Понятно, то есть и для него ощущения новые и увлекательные. Нравится, что женщина уже разгорячена и готова, и не нужно тратить время на прелюдии. Я и до того замечала, что ему больше всего заходит непосредственно акт, а всё остальное он ощущает финтифлюшками. В его исполнении я тоже так ощущаю. А тут, в кои веки, появилась возможность сразу со вкусного начинать, и владыка не теряется. Но как ужасно это осмысливается и озвучивается! То есть не озвучивается, конечно, но я же думаю, что вот, сын начинает, а папенька доёбывает, и от этого уже чувствую, как уши краснеют.
Но хорошо!
В одну из ночей, когда король уже сделал, что хотел и обнимал, шепча на ухо всякое, и я почти заснула, в комнату вошёл принц и насторожённо замер, глядя на нас:
— Отец?
Я тоже замерла, не зная, что будет. Трандуил, приподнявшись, кивнул, с досадой, но без агрессии:
— Аранен.
И тут же исчез, оставив меня испытывать неловкость перед Леголасом. Которого я покинула, как всегда, сладко заснувшим; но вот сегодня он проснулся и решил, что ему одиноко. Напряжённо ждала, не оскорбится ли он и не уйдёт ли, и с облегчением вздохнула, поняв, что он не сердится, когда принц разделся, лёг рядом и обнял.
Спала я теперь больше днём, и к завтраку вставала нечасто.
Вот и сегодня пришла есть, когда проснулась, и странно ощущала себя в пустой, залитой светом трапезной, глядя, как лепестки опадают с розовых плетей, увивающих колонны и капители. Пустынное место — королевский дворец. Как я понимаю, остались в нём только те, без кого не обойтись Трандуилу в ближайшее время, и в ком он хоть как-то уверен. Не увижу я эльфийского двора во всём блеске и великолепии — король эгоистичен, себялюбив и предпочитает пожить поскромнее какое-то, совсем недолгое для него время, но не рисковать. Хотя, казалось бы, чем он рискует? Не представляю, чтобы мне мог понравиться кто-то ещё.
Тут, остановившись и даже слегка поперхнувшись, вспомнила про лориэнского посла и про Глоренлина. Это не человеческий мир! Да, мне может нравиться кто-то ещё. Ладно. К тому же, пусть лучше дворец будет пустынен, зато не придётся переживать и фальшиво улыбаться, глядя, как Трандуил кого-то убивает. Кого-то, чья смерть меня огорчит, а победа принесёт горе.
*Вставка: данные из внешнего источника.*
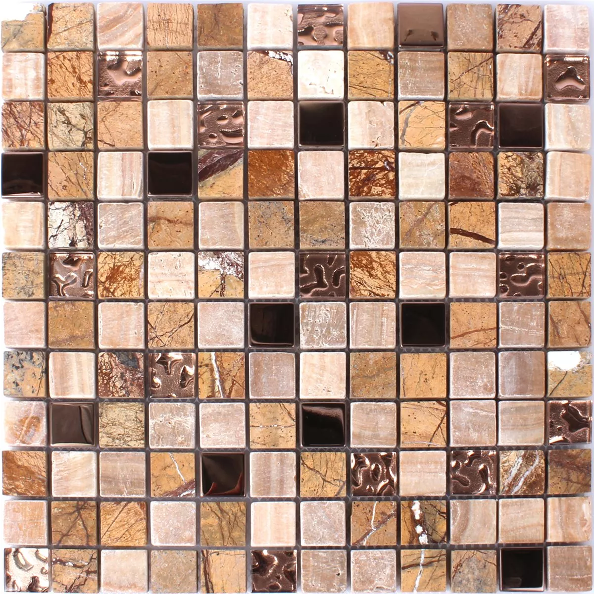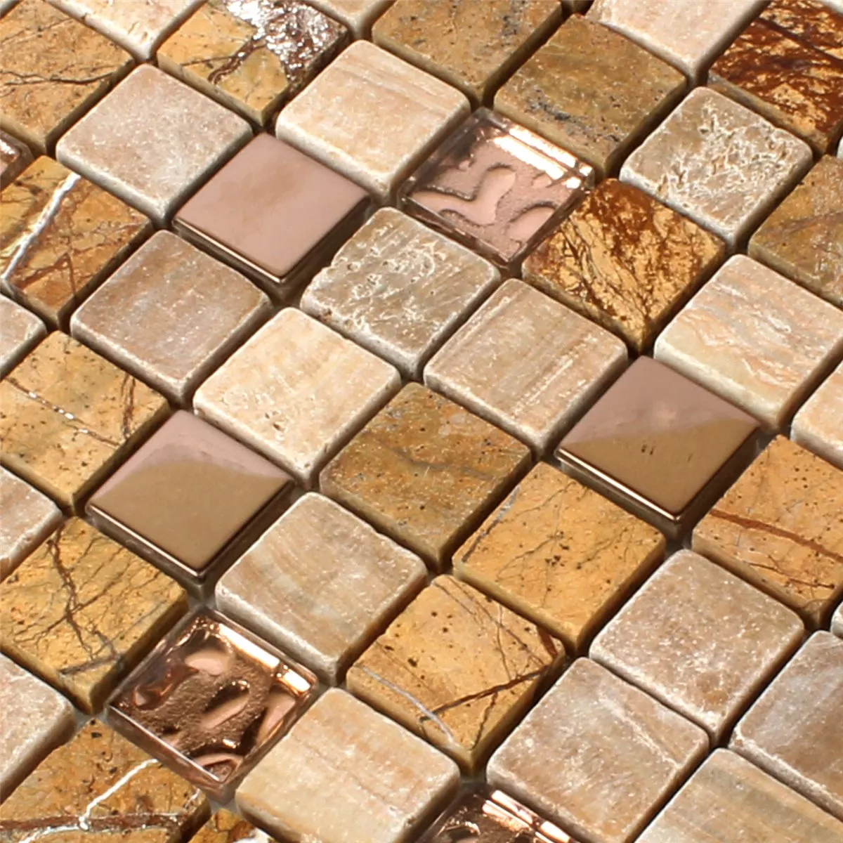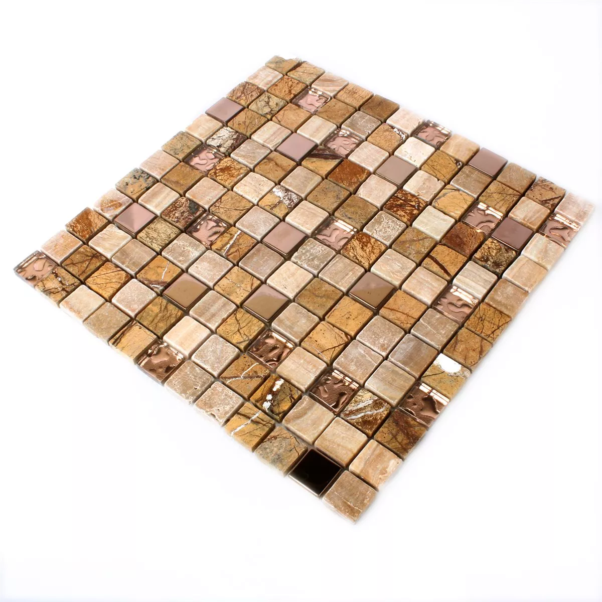 Prøve Mosaik Fliser Glas Natursten Rustfrit Stål Brun Mix
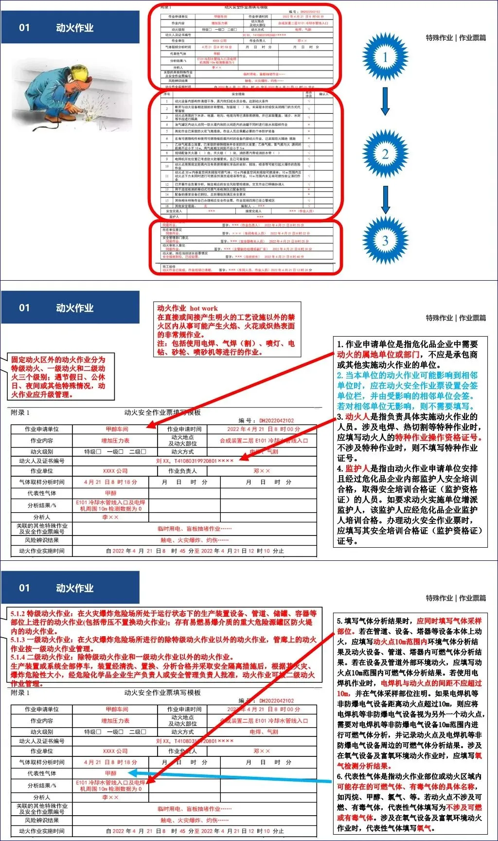 定义:在禁火区内进行可能产生明火、火花或炽热表面的非常规作业(如电焊、气割、砂轮等)。

Дожёвывая, заинтересовалась, чем занимается принц, когда я сплю по утрам, и, недолго думая, попросила брауни проводить к нему.
По красноватому песку арены скакали два беловолосых эльфа с мечами. Поглядывая на них, тихонько обошла арену и забралась повыше, в царскую ложу. Стоять рядом не хотелось: быстрые непредсказуемые перемещения, не отслеживаемые человеческим глазом, заставляли опасаться. Хотя они наверняка контролировали ситуацию, но наверху казалось комфортнее.
Леголас, стало быть, тренируется. Повышает мечный скилл. Смотреть было скучновато: пёстрый вихрь, не разберёшь ничего. Изредка лязг сталкивающегося оружия, и тогда они на секунду замирали, пытаясь передавить друг друга. В один из таких моментов спарринг-партнёр принца оказался ко мне лицом, и я узнала Ланэйра. Ну да, он же продвинутым мечником считается.
Собралась было окликнуть принца, чтобы велел брауни принести мне зелье эльфийского видения: сама-то я вызывать этих слуг не умею, могут только эльфы — но тут на плечо легла рука владыки. Тихо подошёл, как рысь.
— Valie, выспалась?)
Голос ласков и благодушен, голубые глаза сияют расположением. Из пола уже выплетается брауни с кубком.
— О, спасибо, ваше величество.
Взяла кубок и выпила. Мир тут же замедлился. Зелье эльфийского зрения увеличивает только скорость восприятия: быстрее двигаться не начинаешь, и ощущения, как будто под воду попала — то есть, бойцы начали двигаться с нормальной скоростью, а я обрела черепашью. Эффект, если не продлять, действует пару часов, и отходняк имеется, хотя его можно снять другим зельем.
Странно, что король во дворце, и не занят ничем. Редко такое бывает.
— Valie, может, ты и зря выпила: я пришёл забрать аранена на сегодняшний день, он мне нужен.
Король, говоря, следил за поединком. Теперь я могла видеть, насколько Леголас уступает Ланэйру, который гонял его, как хотел, и насколько принц напряжён — посол же сохранял видимость лёгкости и праздничности. Такая хрупкая фея — как у него это получается? В классическом мечном поединке, если бы он вёлся насмерть, Ланэйр убил бы Леголаса, и очень быстро. Напряглась, задумавшись об этом.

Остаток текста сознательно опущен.